Arizona Center, developed by Columbia-based Rouse Co., has brought shoppers back downtown, to a palm-studded urban oasis. American West Arena, home of the Phoenix Suns, pulls thousands of purple-clad fans to the area during basketball season.

There's more to come. A museum of Arizona history is scheduled to open by the end of 1995. A major expansion to the Arizona Science Center will follow a year later. And the city is aggressively pursuing a major-league baseball expansion team, which would play in a planned downtown stadium modeled after Oriole Park at Camden Yards in Baltimore.

"That would be the crowning jewel for downtown," says Mayor Skip Rimsza, who toured the Orioles' stadium just before Christmas.

Combine those attractions with others already downtown -- the acclaimed Heard Museum and the Phoenix Museum of Art -- and tourists have a new destination.

Downtown Phoenix crumbled, like many other American cities, in the years after World War II.

Businesses and residents sprawled into the suburbs, stretching toward Scottsdale, Squaw Peak and other parts of the valley. The major department stores, including Goldwater's and Sears, soon joined the migration, leaving downtown with an air of desperation.

Margaret Mullen came West in the early 1970s to help redesign the downtown area. As she walked around negotiating with property owners, she was assigned a police lieutenant as an escort. "They didn't think it was safe for a woman to walk around alone," she recalls.
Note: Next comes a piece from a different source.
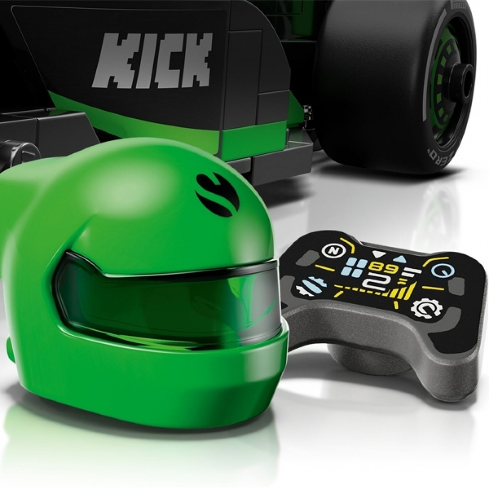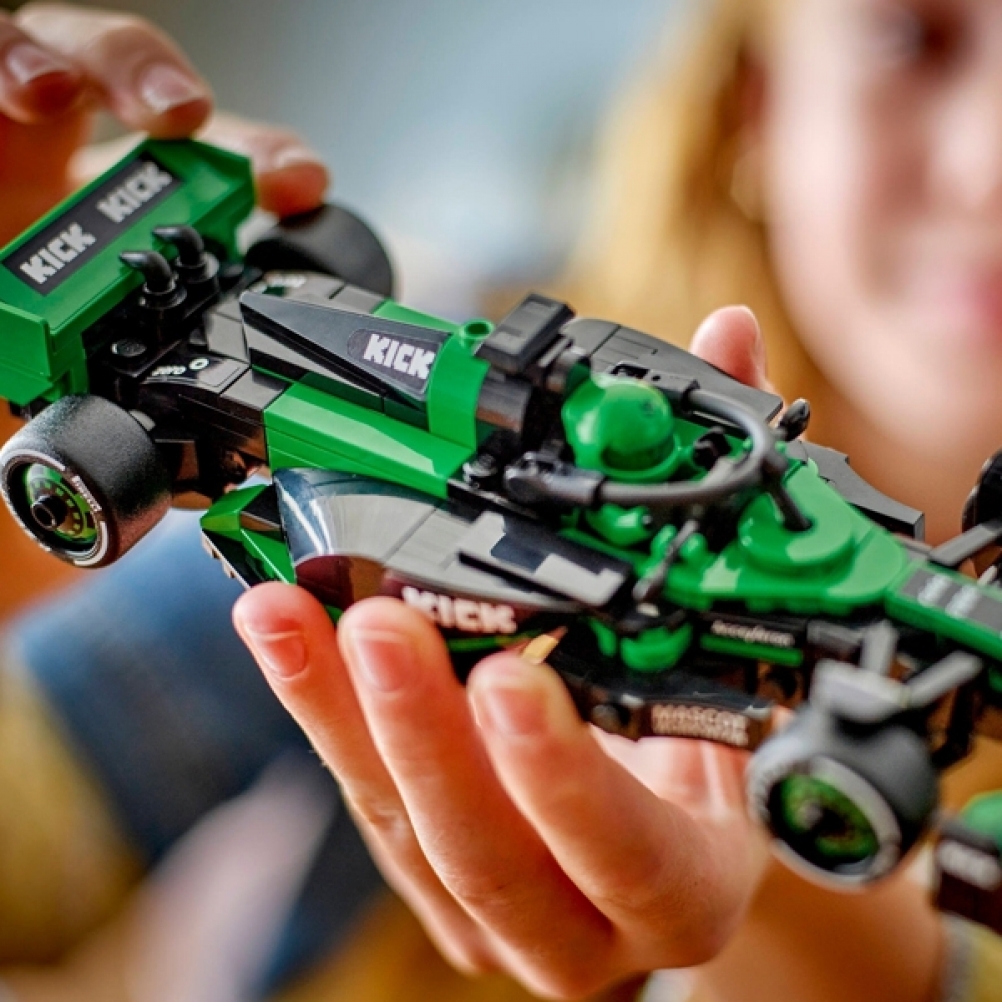 - 1 minifigure: il set del veicolo include una minifigure di pilota con tuta del Team KICK Sauber F1® e casco con ala che i bambini possono posizionare nell’abitacolo per ricreare emozionanti azioni di gara

Today, as director of the Downtown Phoenix Partnership, she's working to show tourists and local residents that the area has changed. "If you were here five or 10 years ago, you wouldn't want to come back to downtown Phoenix," she says.

Arizona Center started the turnaround in 1990.

The Rouse Co. already was a national leader in crafting the urban marketplace. But Arizona Center was challenging -- it lacked the distinctive landmarks that characterized similar Rouse projects -- historic Faneuil Hall in Boston and the Inner Harbor in Baltimore.

So Rouse created its own landmark -- a soothing garden with fountains -- at the center of the shops and office towers. Today, the tiered garden's brown paths contrast sharply with the bright, light-green grass, while shade from thornless mesquite and palms offers visitors a pleasant break from the desert heat.

Arizona Center, which has more than 40 stores and restaurants, includes many retailers indigenous to American malls: the Gap, Victoria's Secret, Sam Goody and Waldenbooks. But shoppers also will find some interesting native species, such as the Arizona Highways store, which features travel books on the region.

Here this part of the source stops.